_Provided data:_
◇ ◇ ◇ ◇ ◇ ◇ ◇
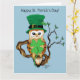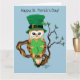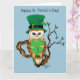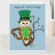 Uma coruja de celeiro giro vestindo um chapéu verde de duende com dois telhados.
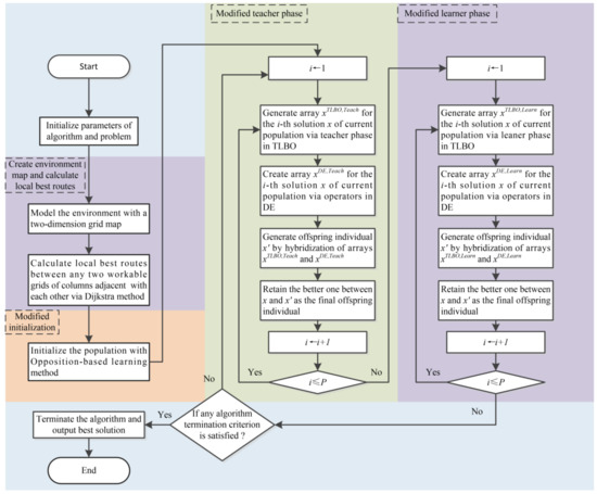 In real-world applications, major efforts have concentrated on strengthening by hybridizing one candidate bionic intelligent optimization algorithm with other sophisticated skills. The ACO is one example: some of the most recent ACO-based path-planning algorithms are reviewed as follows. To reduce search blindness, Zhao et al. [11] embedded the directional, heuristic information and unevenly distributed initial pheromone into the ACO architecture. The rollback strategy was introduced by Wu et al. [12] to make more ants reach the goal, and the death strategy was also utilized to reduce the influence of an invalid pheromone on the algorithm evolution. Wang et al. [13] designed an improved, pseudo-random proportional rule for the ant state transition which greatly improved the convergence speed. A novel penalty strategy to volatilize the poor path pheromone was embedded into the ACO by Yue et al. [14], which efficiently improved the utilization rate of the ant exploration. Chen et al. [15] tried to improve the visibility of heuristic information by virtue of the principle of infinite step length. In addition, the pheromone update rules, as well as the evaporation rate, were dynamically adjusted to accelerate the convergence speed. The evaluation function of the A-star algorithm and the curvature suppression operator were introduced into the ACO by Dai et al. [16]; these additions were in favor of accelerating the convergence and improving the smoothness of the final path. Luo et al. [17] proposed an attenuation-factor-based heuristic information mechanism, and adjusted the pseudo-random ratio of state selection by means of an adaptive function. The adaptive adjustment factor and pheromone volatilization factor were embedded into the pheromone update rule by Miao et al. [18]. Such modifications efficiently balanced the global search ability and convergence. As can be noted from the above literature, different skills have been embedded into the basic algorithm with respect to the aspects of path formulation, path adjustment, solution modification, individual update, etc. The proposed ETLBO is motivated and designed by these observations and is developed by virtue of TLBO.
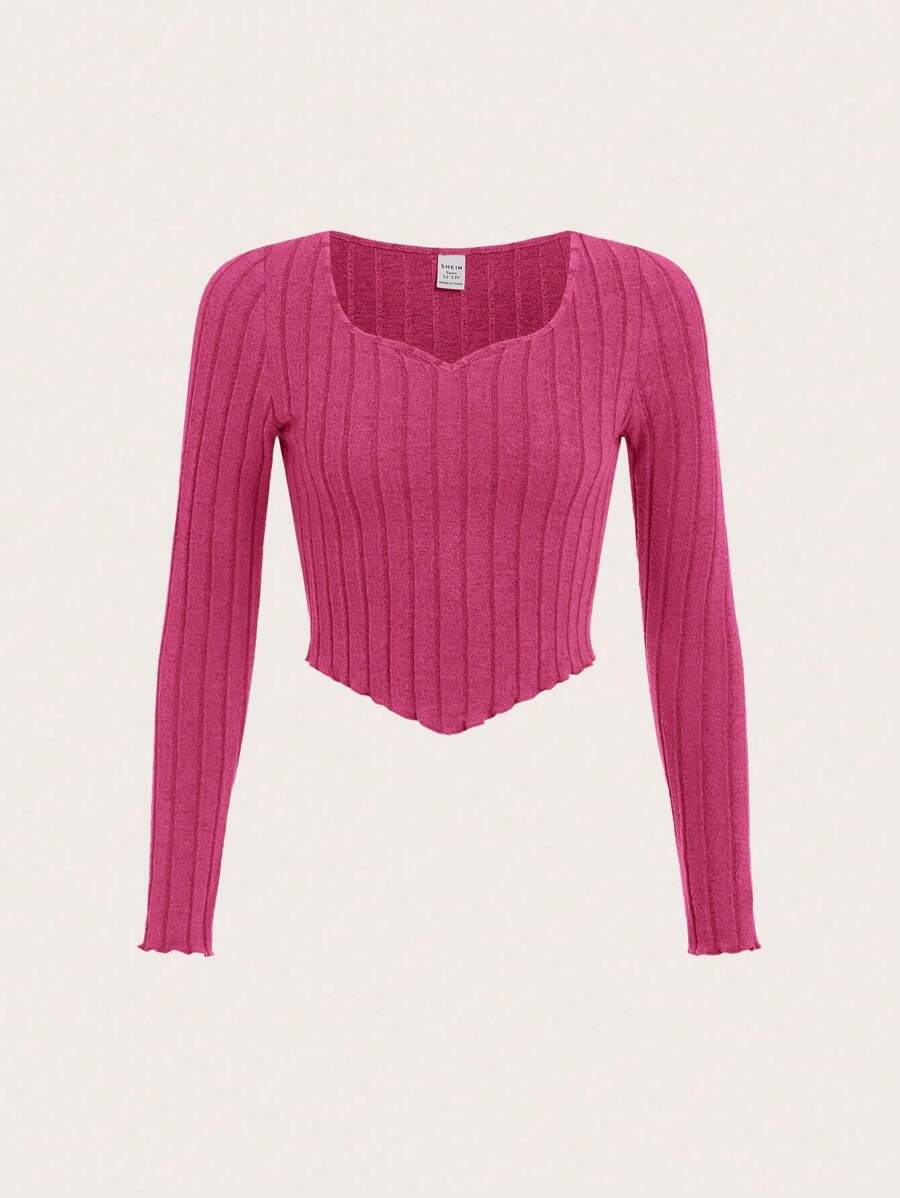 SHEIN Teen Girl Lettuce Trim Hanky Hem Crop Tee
◇ ◇ ◇ ◇ ◇ ◇ ◇
_Brief:_ Print the listing exactly, images excluded.

_Task output:_
 Uma coruja de celeiro giro vestindo um chapéu verde de duende com dois telhados.
 In real-world applications, major efforts have concentrated on strengthening by hybridizing one candidate bionic intelligent optimization algorithm with other sophisticated skills. The ACO is one example: some of the most recent ACO-based path-planning algorithms are reviewed as follows. To reduce search blindness, Zhao et al. [11] embedded the directional, heuristic information and unevenly distributed initial pheromone into the ACO architecture. The rollback strategy was introduced by Wu et al. [12] to make more ants reach the goal, and the death strategy was also utilized to reduce the influence of an invalid pheromone on the algorithm evolution. Wang et al. [13] designed an improved, pseudo-random proportional rule for the ant state transition which greatly improved the convergence speed. A novel penalty strategy to volatilize the poor path pheromone was embedded into the ACO by Yue et al. [14], which efficiently improved the utilization rate of the ant exploration. Chen et al. [15] tried to improve the visibility of heuristic information by virtue of the principle of infinite step length. In addition, the pheromone update rules, as well as the evaporation rate, were dynamically adjusted to accelerate the convergence speed. The evaluation function of the A-star algorithm and the curvature suppression operator were introduced into the ACO by Dai et al. [16]; these additions were in favor of accelerating the convergence and improving the smoothness of the final path. Luo et al. [17] proposed an attenuation-factor-based heuristic information mechanism, and adjusted the pseudo-random ratio of state selection by means of an adaptive function. The adaptive adjustment factor and pheromone volatilization factor were embedded into the pheromone update rule by Miao et al. [18]. Such modifications efficiently balanced the global search ability and convergence. As can be noted from the above literature, different skills have been embedded into the basic algorithm with respect to the aspects of path formulation, path adjustment, solution modification, individual update, etc. The proposed ETLBO is motivated and designed by these observations and is developed by virtue of TLBO.
 SHEIN Teen Girl Lettuce Trim Hanky Hem Crop Tee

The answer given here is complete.